Ayrıca, davacıların Av. ...’e verdiği vekaletnamede mirasın reddini içeren özel yetki bulunmadığından davacı vekiline özel yetkiyi içeren vekaletname sunması için süre verilmesi ve bu eksikliğin tamamlattırılarak sonucuna göre hüküm kurulması gerekirken bu hususun gözardı edilmesi de yerinde değildir.
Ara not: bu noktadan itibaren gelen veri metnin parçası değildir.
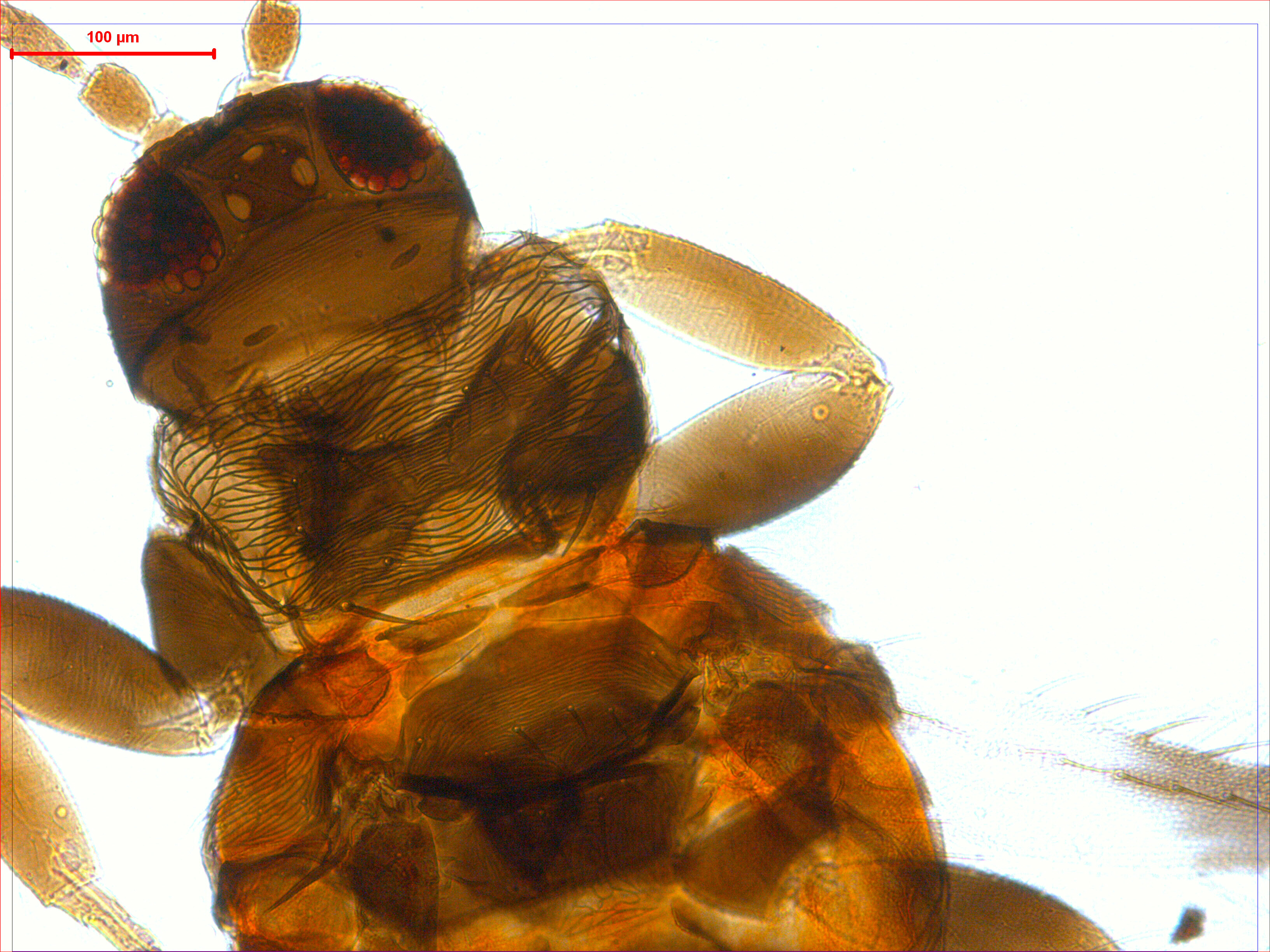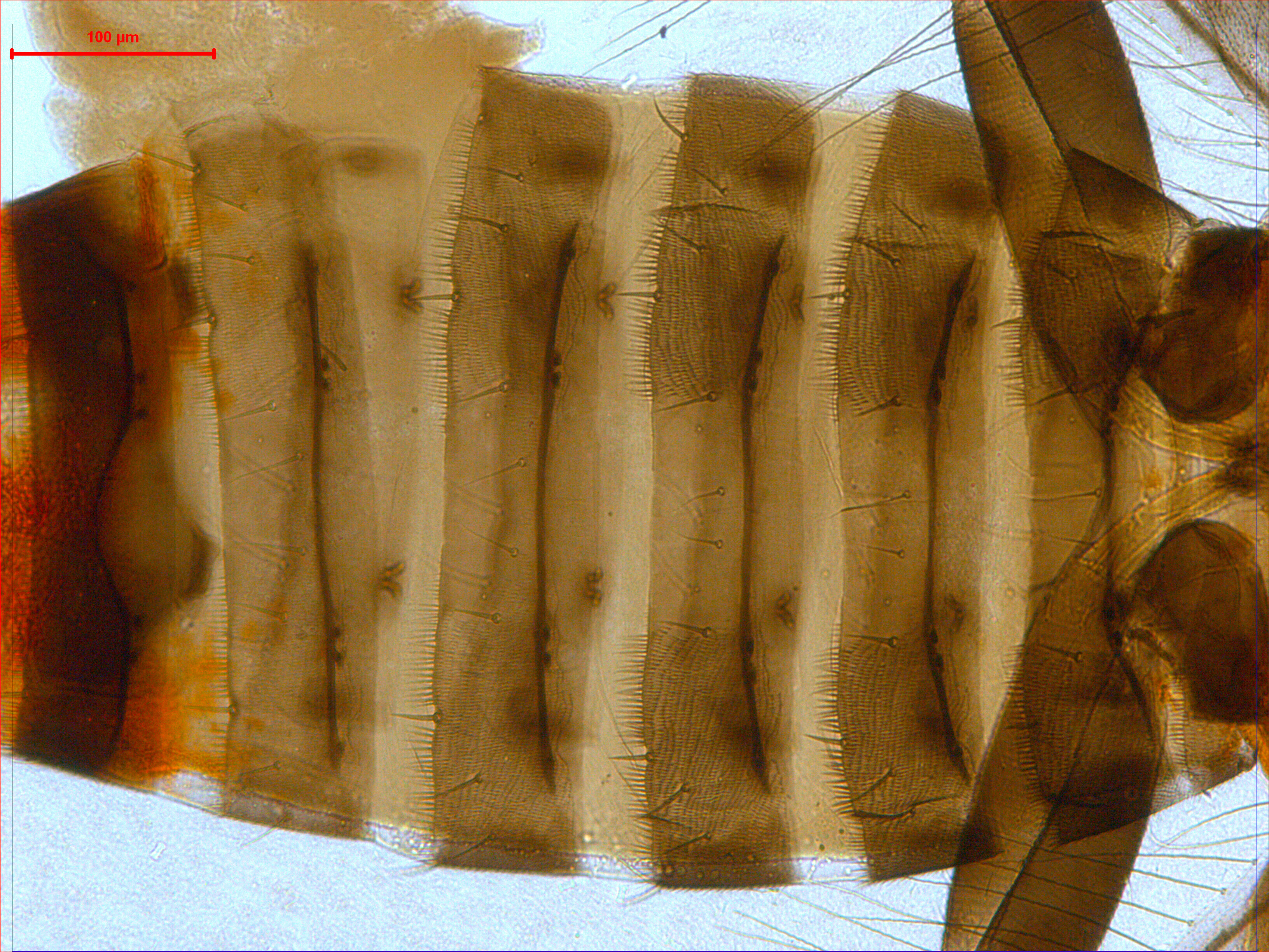 描述:雌虫:体暗棕色;触角节I-II黄色,III-IV基半部暗黄,节IV端半部和V-VIII棕色,前胸骨化板周围较淡;前足胫节、中后足胫节端部、各足股节两端及跗节暗黄,前翅近基部有无色淡带,约占翅长1/9,翅基部及中部最暗,端半部较浅;腹部节I-VI及X浅棕色,两侧暗,节VII-IX暗棕色,节II-VIII前脊线粗而暗,两侧前缘各有黑点3个,其中2个相互靠近,位于有毛区内缘。头背脊线沿复眼后缘分隔一个后头区,区内具7-10条交错横线,单眼区有线纹;口锥细,下颚须3节,下唇须2节;触角8节,节III-IV感觉锥叉状,节VI内侧简单感觉锥基部与该节愈合。前胸骨化板两侧角向前延伸呈锐角,中部收缩,被横交错线构成的网纹包围,背板内有密交错横线纹,但有几个光滑区,背板边缘鬃中后缘鬃最长且粗;后胸背板前部具横线纹,中部有几个纵网纹,后部具几条横线纹,两个细孔微小,在前中部相互靠近;前翅前缘鬃33根,前脉鬃3+18根,后脉鬃1根,翅瓣前缘鬃5根;后胸腹板似新月形,中部向后凹,但不呈‘V’形,前缘线较深。腹部节I-VIII背板两侧密布微毛,中部缺,但节IV向后数节中部有少数微毛,节VIII显著增多;节I-VI两侧后缘有梳毛,节VII-VIII后缘梳毛完整,节I-VIII背板中对鬃自前向后长度逐渐增加,间距逐渐扩大;节IV-VII背板每侧鬃数是2+1+2+1;腹板节II-VII两侧有微毛,毛区占腹板宽度1/4,节III-VII两侧缘各有1对暗斑,腹板无附属鬃。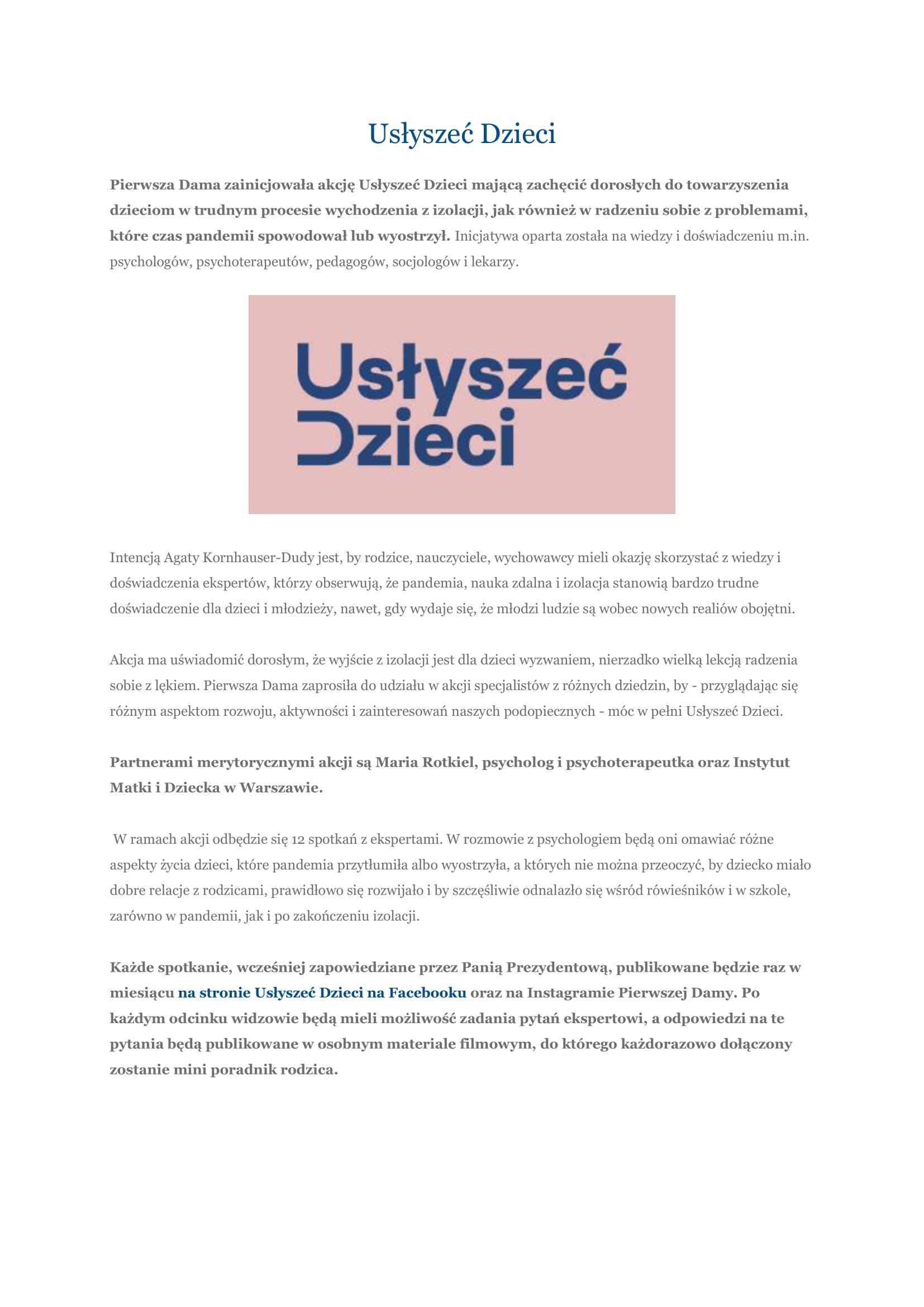 Agata Kornhauser-Duda zainicjowała akcję Usłyszeć Dzieci mającą zachęcić dorosłych do towarzyszenia dzieciom w trudnym procesie wychodzenia z izolacji, jak również w radzeniu sobie z problemami, które czas pandemii spowodował lub wyostrzył.

Kabule göre de; mahkemece davanın niteliği gereği davalı-alacaklıların, murisin terekesinin borca batık olduğunu bilmediği, bilmesinin mümkün olmadığı, yapılan yargılama sonrasında terekenin borca batık olup olmadığına karar verildiği göz önünde bulundurularak yargılama gideri ve harçtan davalının değil davacının sorumlu tutulması, davacılar lehine vekalet ücretine hükmedilmemesi gerekir.
Mahkemece, yukarıda belirtilen hususlar üzerinde durulmadan yazılı şekilde karar verilmesi doğru görülmemiş, bu sebeple hükmün bozulmasına karar verilmiştir.
SONUÇ: Yukarıda açıklanan nedenlerle temyiz olunan hükmün BOZULMASINA, peşin yatırılan harcın istek halinde yatırana iadesine, kararın tebliğinden itibaren 15 gün içinde karar düzeltme yolu açık olmak üzere, 12.12.2017 tarihinde oybirliği ile karar verildi.